By: Christopher Lewis
EUR/JPY has had a strong run as of late, rising from the 100 level to the 102 area. The pair is highly sensitive to risk appetite, and will often move in tandem with global stock markets such as the S&P500, Nikkei, and DAX. The relative safety of Japan is left for investments in Europe as the larger funds borrow in Yen at almost no interest and buy bonds in Berlin, Brussels, and other EU markets as an example. Because of this, the flow of currency will often show this in the form of the EUR/JPY pair.
The recent drama in the European Union has certainly played a massive part in most Euro crosses, but this one has another factor: The Bank of Japan. The Japanese central bank has acknowledged “silent intervention” in the currency markets, and the most obvious spot would probably be in the USD/JPY pair at the 76.50 level. However, the last time the BoJ intervened; it also bought Euro to go along with those Dollars. With this in mind, the pair would have a second reason to rise irrespective of the rumored agreement between Athens and the Troika on Tuesday.
The Importance of 102
The 102 level is just below the 38.2% Fibonacci retracement from the most recent fall in this pair.
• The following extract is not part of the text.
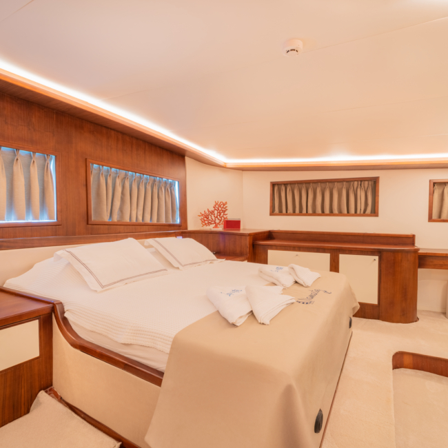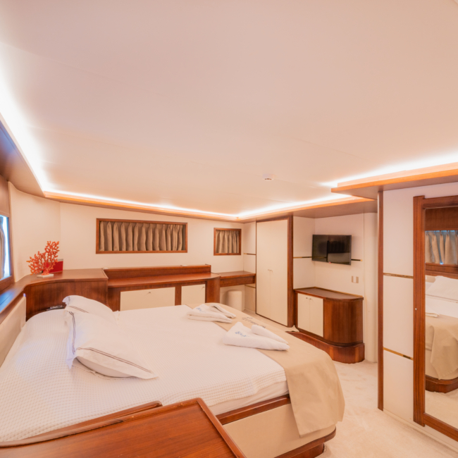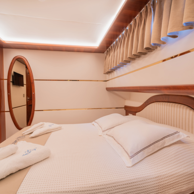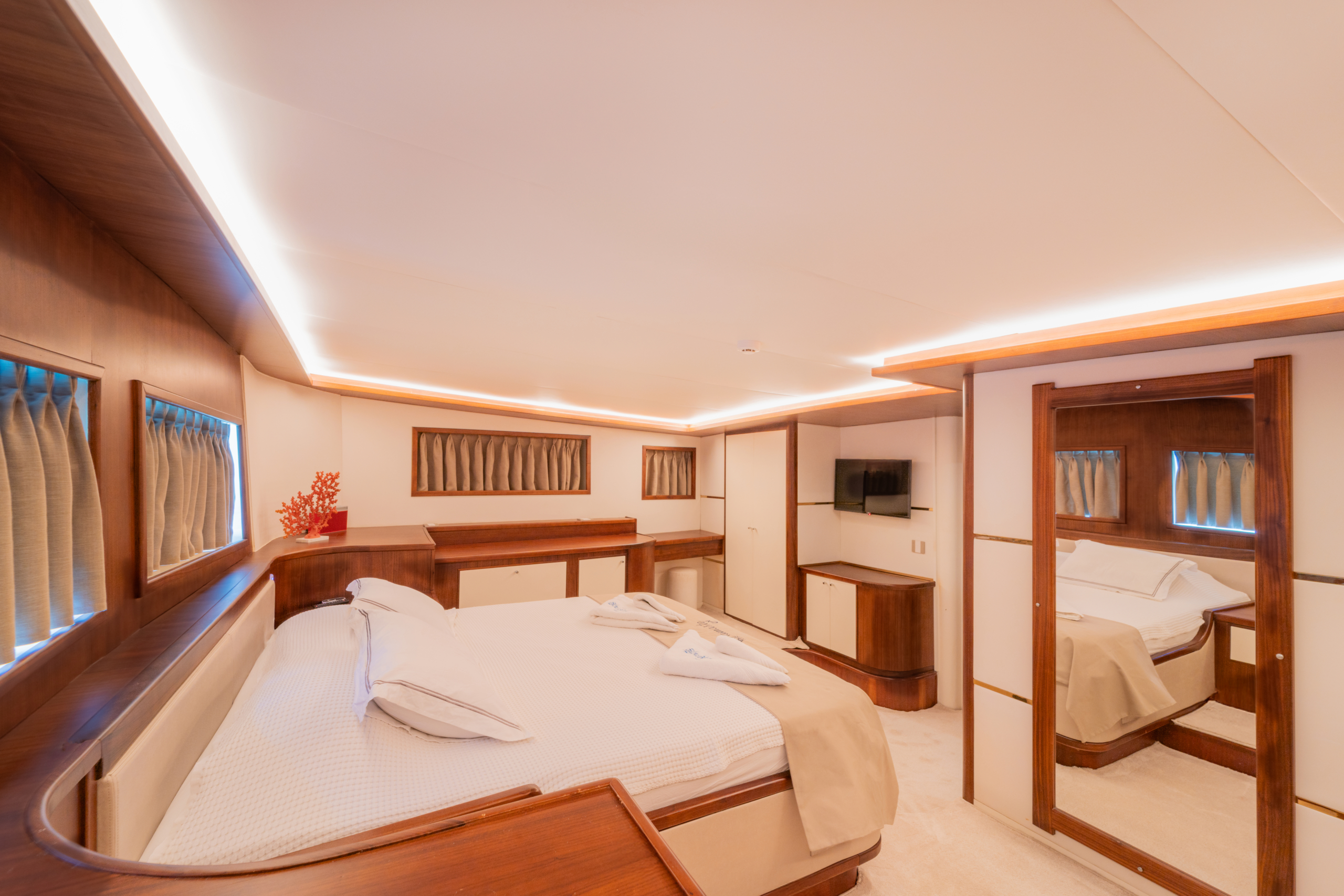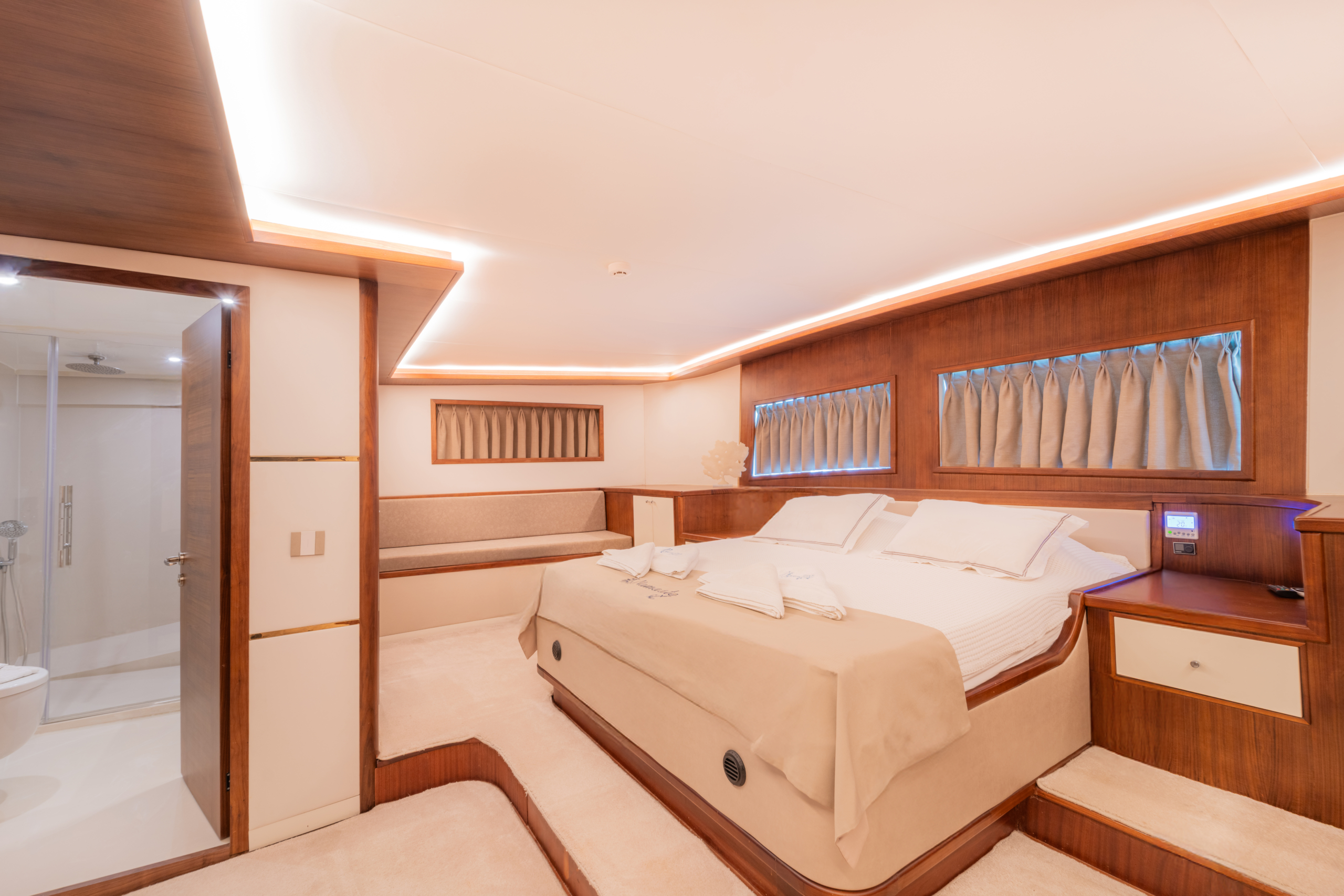 Yatta 2 master kabin ve 3 çift kişilik kabin olmak üzere toplam 5 kabin bulunmaktadır. Tüm kabinlerde özel banyo, düz ekran TV ve kişiye özel kontrollü merkezi klima bulunmaktadır. Teknede bulunan Wi-Fi ve uydu sistemi sayesinde denizdeyken bile bağlantıda kalabilirsiniz.
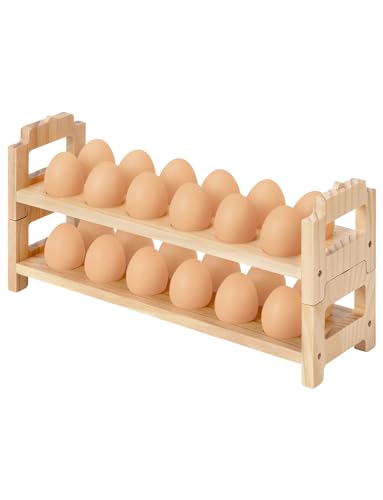 generic - حامل بيض من ستوريج ووركس، حامل بيض طازج يوضع على سطح الطاولة يتسع لـ 24 بيضة، سلة بيض خشبية قابلة للتكديس للثلاجة والمطبخ، سلة بيض بطبقتين مع مقابض، صينية بيض

The 100 level just below is massive support as you can see from the bounce that came just a couple of sessions ago. The pair looks strong, but the rumors of the deal being reached could reverse quickly, and this pair would more than likely get hit hard. The breaking above the 102 level could see a move up to the 105 level though, and as such I am watching 102 with extreme interest.
The trade is simple for me: If we can close above the 102 level on a 4 hour chart, I am willing to have a go with a long position in this pair. The failure at the level on the 4 hour chart, or any signs of concern in the markets bout the agreement, and I am willing to short this pair and aim for 100 or so.